黄色いオーニングの古びれ具合もフレンチらしからぬ雰囲気を醸し出しています。
オーニングをくぐっても直ぐに店の出入り口があるわけでなく、地下に延びる階段脇をすり抜けた奥がこの店の入り口。
普段はあまり訪問の機会がないフレンチ。
ポツポツとフレンチを訪問するに従って、フレンチの魅力に少しずつ目覚めつつあるような気もします。
いつも手配してくれるマイレビュアー様には感謝しないといけません。
ちなみに今回は一人12,000円のコースとスペシャリテを予約いただきました。
年季の入った建物の奥に進むと、そこにはまるで洋食屋かと思うような店内。
飾り気のない椅子やテーブル、部屋の片隅に積まれた食器類が並んでいます。
ホールスタッフは若いながらにこやかに説明してくれます。
当然ドレスコードなどあるはずもなく、金額の制約はあるにせよ万人が分け隔てなくフレンチを楽しめるわけです。
こういう形式に囚われないところにシェフの実(じつ)をとる賢明さを見る気がします。
北島シェフを支えるのはスーシェフの大石さん。
主にお客さんの前に出て来られるのは大石さんですが、若くて快活、気取らず豪快。
壮年にさしかかった北島シェフを支えるにはもってこいの方かもしれません。
【おまかせワイン】
名称はうろ覚えですが、ワインをお店にお任せして選択してくれるシステムのようです。
詳しくないところなのでこういうシステムはありがたい。
スパークリングに始まり、白、赤と料理にあわせて提供してくれました。
【ツブ貝のマリネ】
最初はツブ貝から。
素材を大きくいじった感じはしない料理ですが、逆に質の良さを生かした料理ということでしょう。
シンプルながら貝の風味が生きていて美味しいです。
【マッシュルームのポタージュ】
マッシュルームの風味が素晴らしく映える一品。
マッシュルームはあの形と食感あってこそと思っていましたが、スープになってキノコ特有の癖も抑えられて更に良さが増幅しているように思います。

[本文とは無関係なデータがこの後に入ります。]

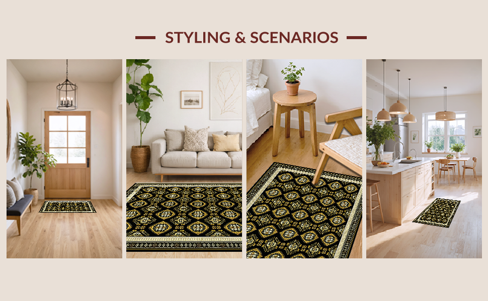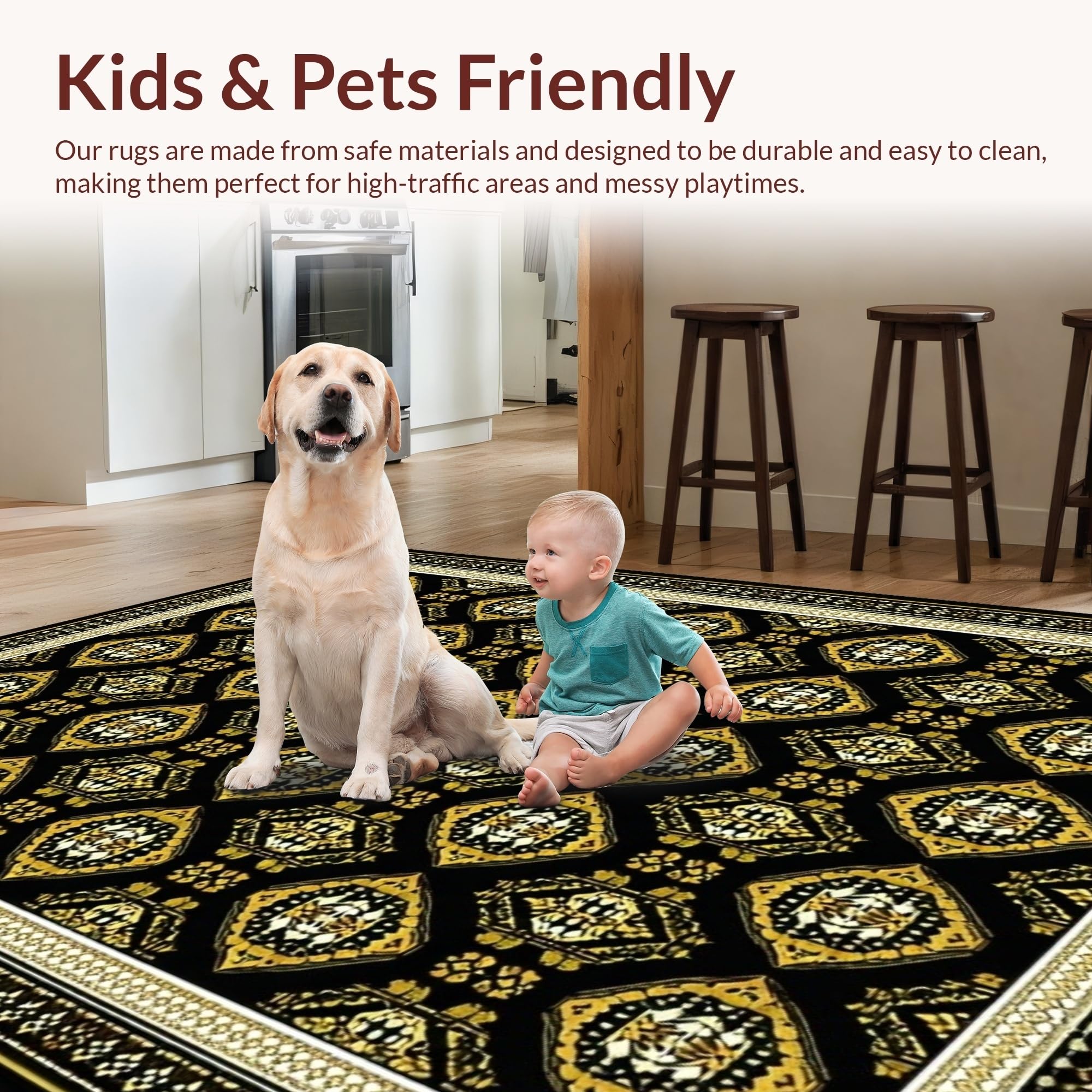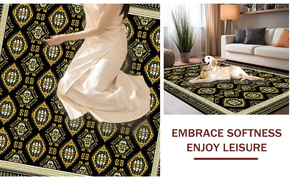 Ultra Soft Area Rug, Non Slip, Stain Resistant, Washable Area Rugs for Living Room, Bedroom, Contemporary Symmetrical Pattern Play(Black) Overview:

【生うにのコンソメゼリー カリフラワーソース】(スペシャリテ)
長年こちらのスペシャリテとして多くの人に食されてきたメニューのようです。
縁はカリフラワーのソースを配しているようで、見た目だけでなく風味にも彩が添えられて、テンションが上がります。
生うには素材を大きく変えることなく風味を活かしていて、それをコンソメゼリーが下支えしている印象。
ゼリーもトロトロという表現の方が適切なくらい柔らかいので、過度な主張がなく文字通りウニの引き立て役ですね。
ウニ自体のクオリティは良質な寿司屋などで使われるものほどではないものの、素材を単体で使うことの少ないフレンチにあっては他の素材との相性もあるのでしょう。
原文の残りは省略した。